▶ Work required: Beginning at the line that contains "Roaring jaren '20", reproduce the entries below exactly, ending with the line that contains "Unter Berücksichtigung der Tilgungszuschüsse". Omit each picture.

▶ Data:

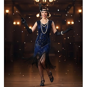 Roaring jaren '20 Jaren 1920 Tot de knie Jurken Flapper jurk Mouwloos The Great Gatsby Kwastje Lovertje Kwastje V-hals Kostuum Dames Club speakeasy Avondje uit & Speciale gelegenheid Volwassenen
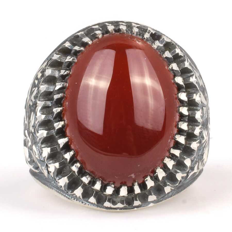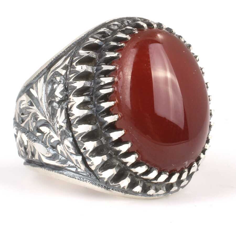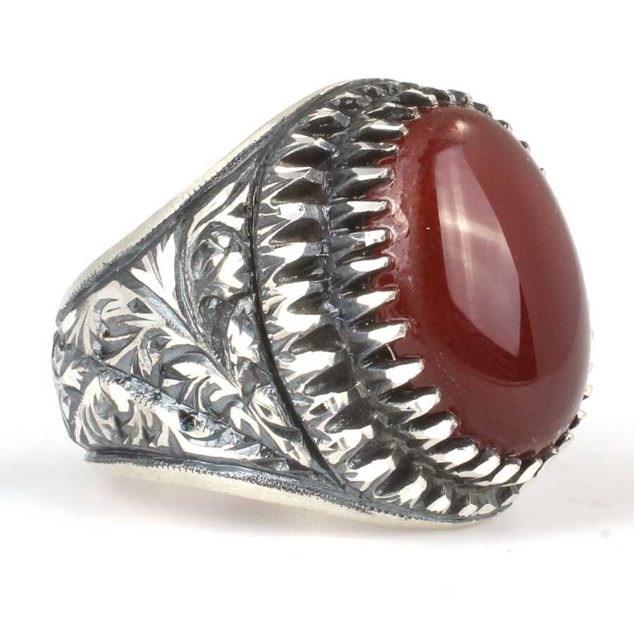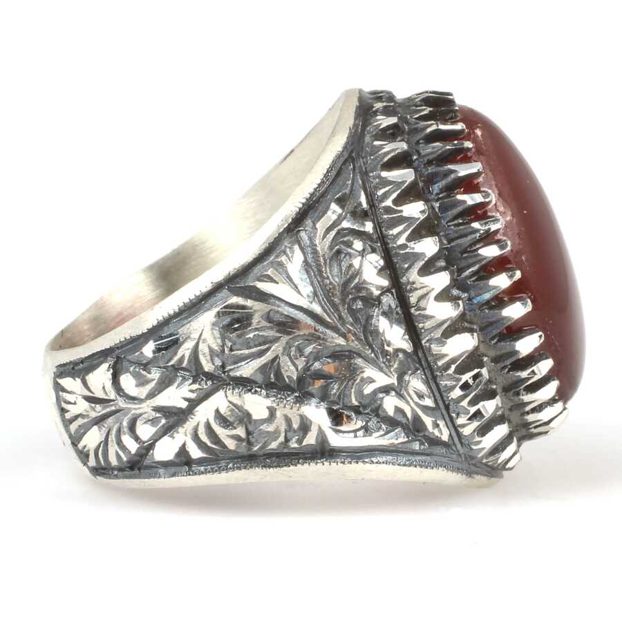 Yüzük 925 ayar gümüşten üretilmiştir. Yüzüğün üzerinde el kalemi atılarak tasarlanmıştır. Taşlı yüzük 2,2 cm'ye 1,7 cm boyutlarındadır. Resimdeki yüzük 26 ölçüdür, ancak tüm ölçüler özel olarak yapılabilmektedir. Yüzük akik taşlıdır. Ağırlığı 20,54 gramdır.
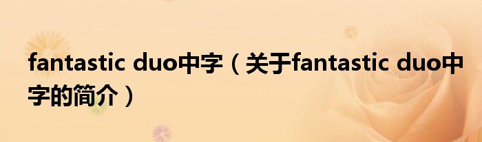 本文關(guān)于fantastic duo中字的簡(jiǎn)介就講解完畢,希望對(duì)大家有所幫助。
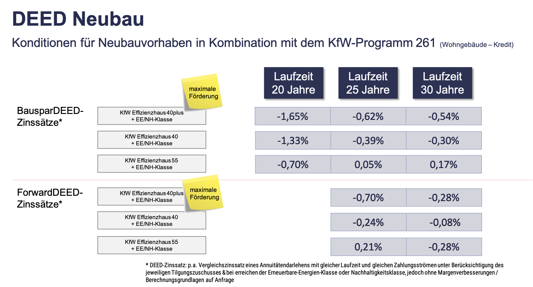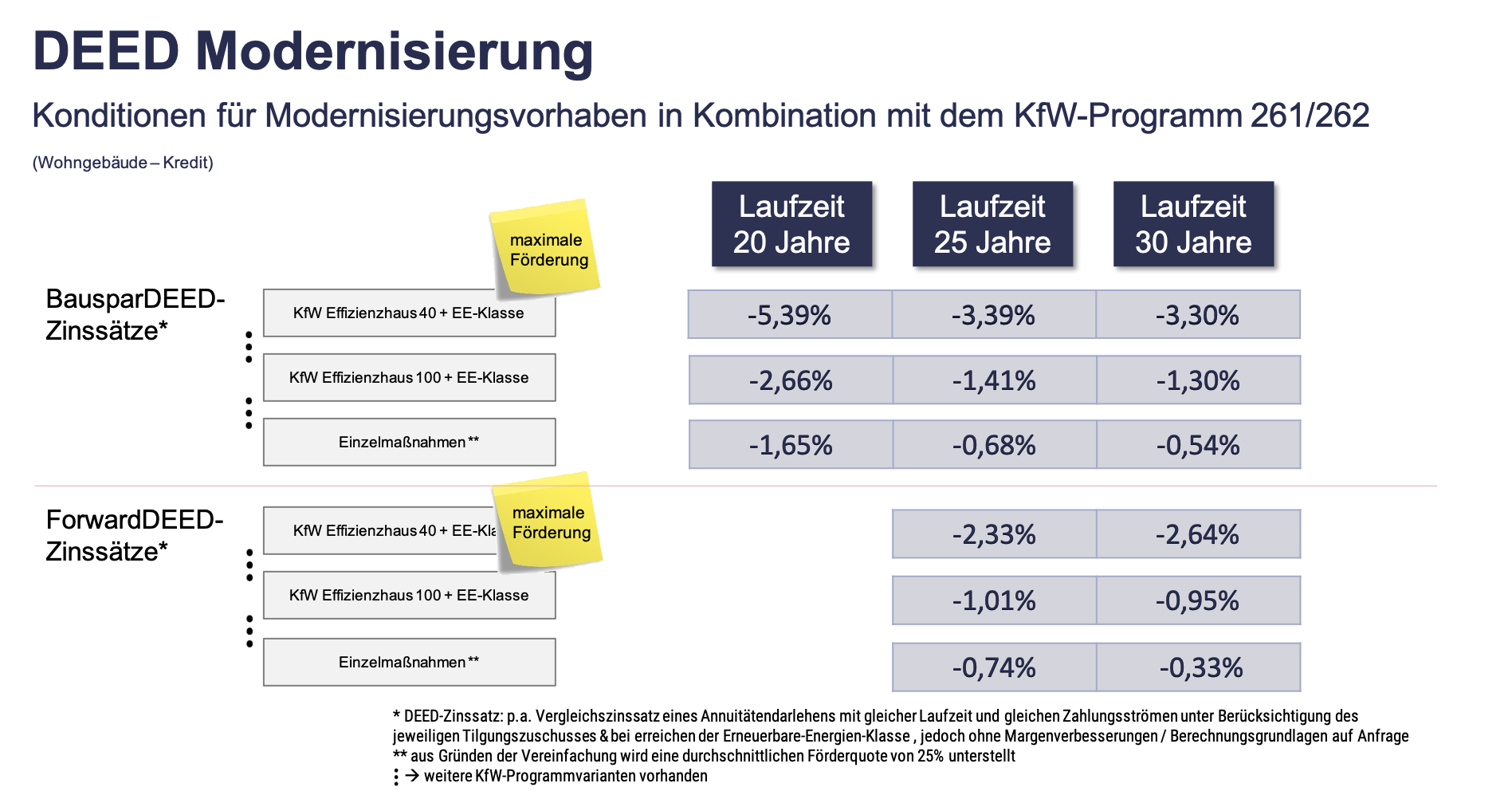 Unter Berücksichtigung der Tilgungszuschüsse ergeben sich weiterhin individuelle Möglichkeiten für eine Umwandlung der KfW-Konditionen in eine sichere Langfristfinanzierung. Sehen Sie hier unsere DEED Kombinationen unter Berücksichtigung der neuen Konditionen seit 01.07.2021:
---
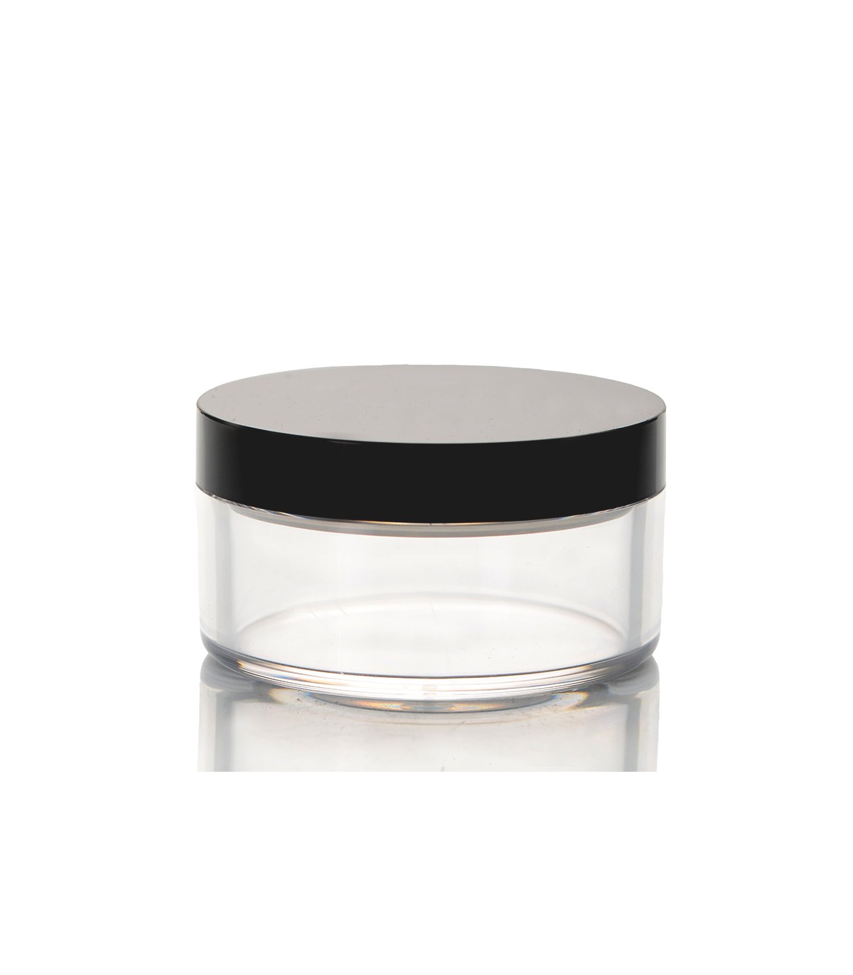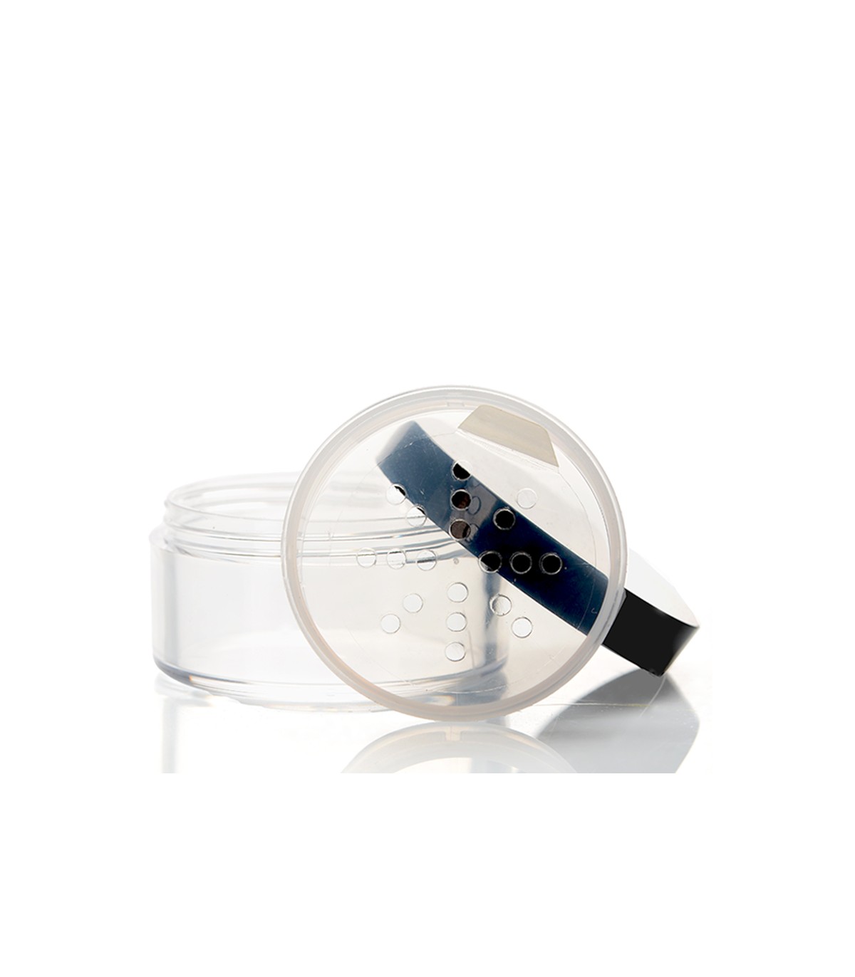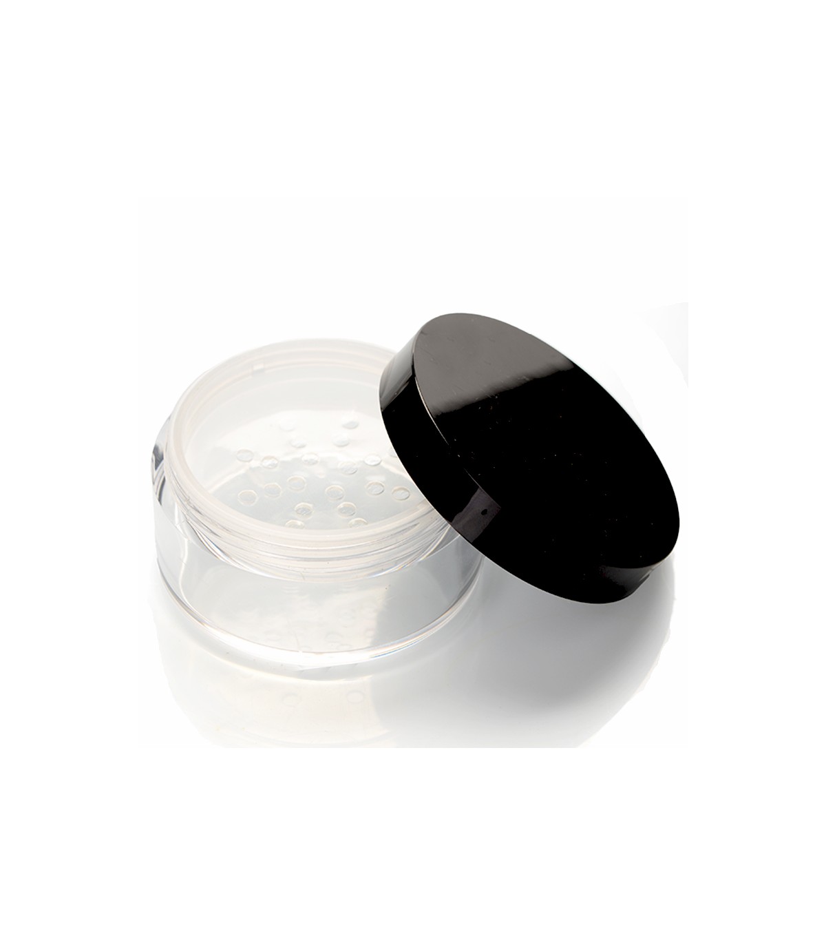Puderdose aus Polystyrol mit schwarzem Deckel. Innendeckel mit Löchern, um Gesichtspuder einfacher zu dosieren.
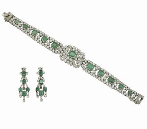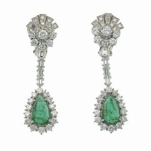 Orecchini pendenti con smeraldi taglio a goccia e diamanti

▶ Solved problem:
 Roaring jaren '20 Jaren 1920 Tot de knie Jurken Flapper jurk Mouwloos The Great Gatsby Kwastje Lovertje Kwastje V-hals Kostuum Dames Club speakeasy Avondje uit & Speciale gelegenheid Volwassenen
 Yüzük 925 ayar gümüşten üretilmiştir. Yüzüğün üzerinde el kalemi atılarak tasarlanmıştır. Taşlı yüzük 2,2 cm'ye 1,7 cm boyutlarındadır. Resimdeki yüzük 26 ölçüdür, ancak tüm ölçüler özel olarak yapılabilmektedir. Yüzük akik taşlıdır. Ağırlığı 20,54 gramdır.
 本文關(guān)于fantastic duo中字的簡(jiǎn)介就講解完畢,希望對(duì)大家有所幫助。
 Unter Berücksichtigung der Tilgungszuschüsse ergeben sich weiterhin individuelle Möglichkeiten für eine Umwandlung der KfW-Konditionen in eine sichere Langfristfinanzierung. Sehen Sie hier unsere DEED Kombinationen unter Berücksichtigung der neuen Konditionen seit 01.07.2021:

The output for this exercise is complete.